Well currently I'm running test e 300 but I'm dropping to prop for a cruise cycle. But generally when someone says test tren mast cycle its either long esters or short ester ran together ie tren e, test e, masteron e. Or tren ace test prop and mast prop. I stick with tren ace and just run 1½cc EOD add some test e and mast e to max out the syringe at 3 cc's I make sure to atleast get in 600 mgs of mast and 900+ test. 

Now some people will tell u to always run tren higher than test or whatever. I say run it the way it works best for u. Its trial and error remember everybody's different and some compounds work better for certain people than others.


----------



## Phoe2006 (Mar 12, 2014)

Run 50/50/50 of each short esters and then you can ramp up to a 100 depending on how ur body reacts to the tren that's why I say give it two weeks before each increase with tren


----------



## Nattydread (Mar 12, 2014)

OP some sponsors carry a blend like the one mentioned above.
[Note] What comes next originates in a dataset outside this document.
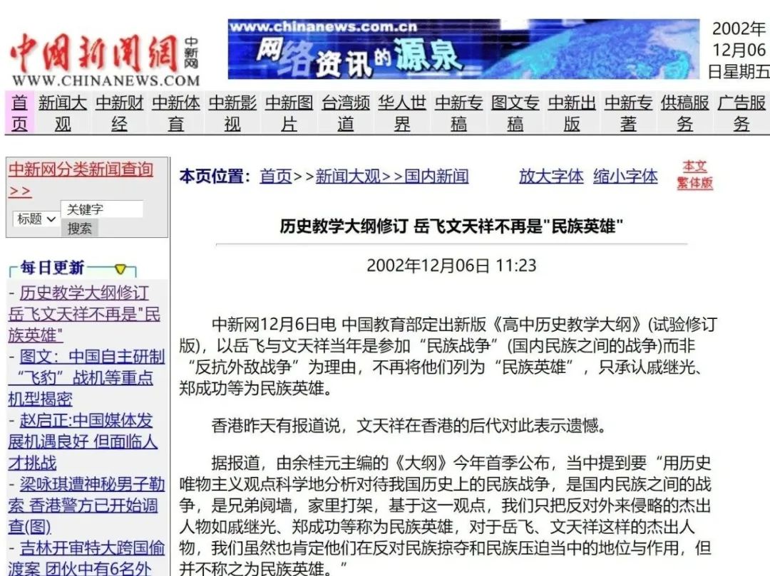 如此一来,区别也就出来了,专家们的小心思也暴露无疑。在他们看来,虽然岳飞依然有民族英雄的称号,但却是写在不显眼的地方,而且用的是“人民视岳飞为民族英雄”,只是民众的看法,并非是他们的看法。和金人不同,日本人虽然也侵略过中国,但并没有成功,在其发动侵华战争14后,就被中国人民赶了出去,没有能够像金人建立起长久的政权。既然成功了,在专家们看来,那就是华夏的一分子了,和华夏之间的战争就是“内战”了。这真是一种令人啼笑皆非的历史观和价值观,是不是自己人不看对方的本质,而是看对方是否侵略成功。持这样的一种价值观,难道是想要培养出新时代的叛国者吗?当然,戚继光等人民族英雄的称号也并不是那么靠得住的。如果日本像金人那样,成功地侵占中国大片领土,并且建立起长期稳固的政权,是否戚继光也就不是民族英雄了?假如有一天,中日两国成功并为一国,是否明朝时期的倭寇之乱就成为华夏的“内部矛盾”了?

Makes it a lot easier to measure out.


----------



## GetSwullll (Mar 12, 2014)

Nattydread said:


> OP some sponsors carry a blend like the one mentioned above. Makes it a lot easier to measure out.



Thanks, I'll look around site to see whose go what; i've always hit Alin so maybe i'll run into blend there.

All info much appreciated. 

Any major difference in running the short ester versus long with compounds? pros and cons


----------



## Phoe2006 (Mar 12, 2014)

GetSwullll said:


> Thanks, I'll look around site to see whose go what; i've always hit Alin so maybe i'll run into blend there.
> 
> All info much appreciated.
> 
> Any major difference in running the short ester versus long with compounds? pros and cons



Pro for long ester is less shots

Biggest con for long ester is if you realize u can't handle the tren youre screwed til it gets out of your system. Takes longer to get in your system 

This is the reason I would highly advise you to start out with tren ace for your first tren cycle


----------



## GetSwullll (Mar 12, 2014)

Phoe2006 said:


> Pro for long ester is less shots
> 
> Biggest con for long ester is if you realize u can't handle the tren youre screwed til it gets out of your system. Takes longer to get in your system
> 
> This is the reason I would highly advise you to start out with tren ace for your first tren cycle



Sounds like a good idea for sure!

How long should i run this first one with the short esters; def if I'm only rampling up every two weeks and running EOD? 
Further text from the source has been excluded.